Security Information

The Looks Too Good To Be True.com website was built to educate you, the consumer, and help prevent you from becoming a victim of an Internat fraud scheme.

The website was developed and is maintained by a joint federal law enforcement and industry task force. Funding for the site has been provided by the United States Postal Inspection Service and the Federal Bureau of Investigation. Key partners include the National White Collar Crime Center, Monster.com, Target and members of the Merchants Risk Council.

Phishing Attempt — Email solicitation using NCUA address

[October 2010]—A recent phishing attempt is trying to obtain credit card account numbers, expiration dates and electronic signatures from credit union members. The scam works like this: A fraudulent email, claiming to be from the NCUA (National Credit Union Administration) states the NCUA will add $50 to the member’s account for taking part in a survey. The link embedded in the message directs respondents to a counterfeit version of the NCUA’s website with an illicit survey that solicits the desired credit card account numbers and other confidential personal information.

The NCUA is highly concerned about the risk of imitating their website and official logo to potentially make the scam appear authentic to unsuspecting members. NCUA will never ask credit union members or the general public for account numbers or other personally identifiable information as part of a survey.

Fraud Alert

[March 2010]—We have received recent reports that there are automated phone calls being made to people across the U.S. These calls inform you that your cardholder accounts have been deactivated or your credit card has been used illegally. They ask you to call an 800 number, where the attempt is made to gain your account number and other personal information. THESE CALLS ARE FRAUDULENT. You should NEVER give out any personal information to an unsolicited phone call, text or e-mail. CFCU WILL NEVER ASK YOU FOR SUCH IMFORMATION, NOR WILL ANY FEDERAL AGENCY OF THE U.S. GOVERNMENT. In the event you have already relinquished this information, please contact CFCU
immediately!

Please be advised of a new phishing scheme

[February 2010]—Random individuals and/or companies may have received a falsified e-mail with the subject title, “Rejected ACH Transaction.” This e-mail appears to be from NACHA — The Electronic Payments Association, telling them there is a problem with an ACH transaction they have originated.

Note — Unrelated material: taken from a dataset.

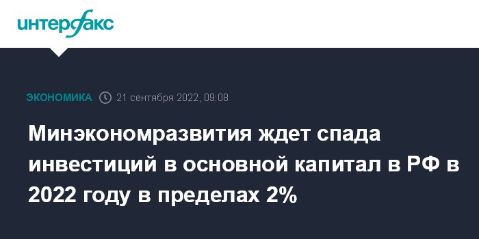 Москва. 21 сентября. INTERFAX.RU - Минэкономразвития прогнозирует снижение инвестиций в основной капитал в 2022 году в пределах 2%, в 2023 году небольшой минус с переходом к росту с 2024 года, сообщил руководитель ведомства Максим Решетников на заседании комитета Совета Федерации по экономической политике.

The e-mail includes a link which redirects the individual to a fake web page set up to look just like the NACHA website and also contains a link which is almost certainly executable virus with malware.

Be advised that this e-mail did not originate from NACHA, the website is not NACHA’s, and, as always, never click on a link in any unknown or unsolicited e-mail.

Smishing (Text Messaging) Attacks Increase

[September 2009]—You’ve probably heard about “phishing,” where crooks send thousands of counterfeit e-mails that look like they’re from reputable organizations in order to steal your personal information. Now scammers are turning to text messaging for the same fraudulent purposes.

Called “Smishing” (or “text phishing”), these attacks are impacting debit and credit card holders at financial institutions located primarily in the eastern region of the United States. Smishers use cell phone text messages to persuade victims to provide personal information such as card numbers, security codes and PINs. The text may contain either a website or more commonly, a phone number that connects to an automated voice response system, which then asks for personal information. Following are examples of common “smishing” approaches:

• ABC Credit Union- has- deactivated-your-Debit card. To-reactivate-contact: 210-957-XXXX.

• sms.alert@visa.com/VISA (Card Blocked) Alert. For more information please call 1-877-296-XXXX.

REMEMBER: Never give out personal information in response to an unsolicited e-mail, phone call or text message. If you are in doubt as to the authenticity of any communication or request for information, initiate contact back to the institution using a phone number, e-mail or web address you know to be legitimate.

Rogue (Fake) Anti-Virus Software: How to Spot it & Avoid It!

Your PC May Be Infected!
Click here to clean it!

[May 2009]—Have you seen this advertisement or similar pop-up messages?  A free PC scan or an offer to clean your computer of supposedly infected files are often attempts by malevolent persons or organizations to install malicious software (malware) such as a Trojan horse, keylogger, or spyware. Such software is referred to as rogue (fake) anti-virus malware.

How can my system get infected?
The primary way rogue anti-virus software gets on your system is the result of you clicking on a malicious link in an advertisement or similar pop-up message.  The wording contained in the advertisement is usually something alarming, designed to get your attention and attempt to convince to you scan your PC or clean it immediately with the offered tool. The names of the fake programs sound legitimate, and often, in a further attempt to make the malware appear legitimate, the programs may prompt you to pay for an annual subscription to the service.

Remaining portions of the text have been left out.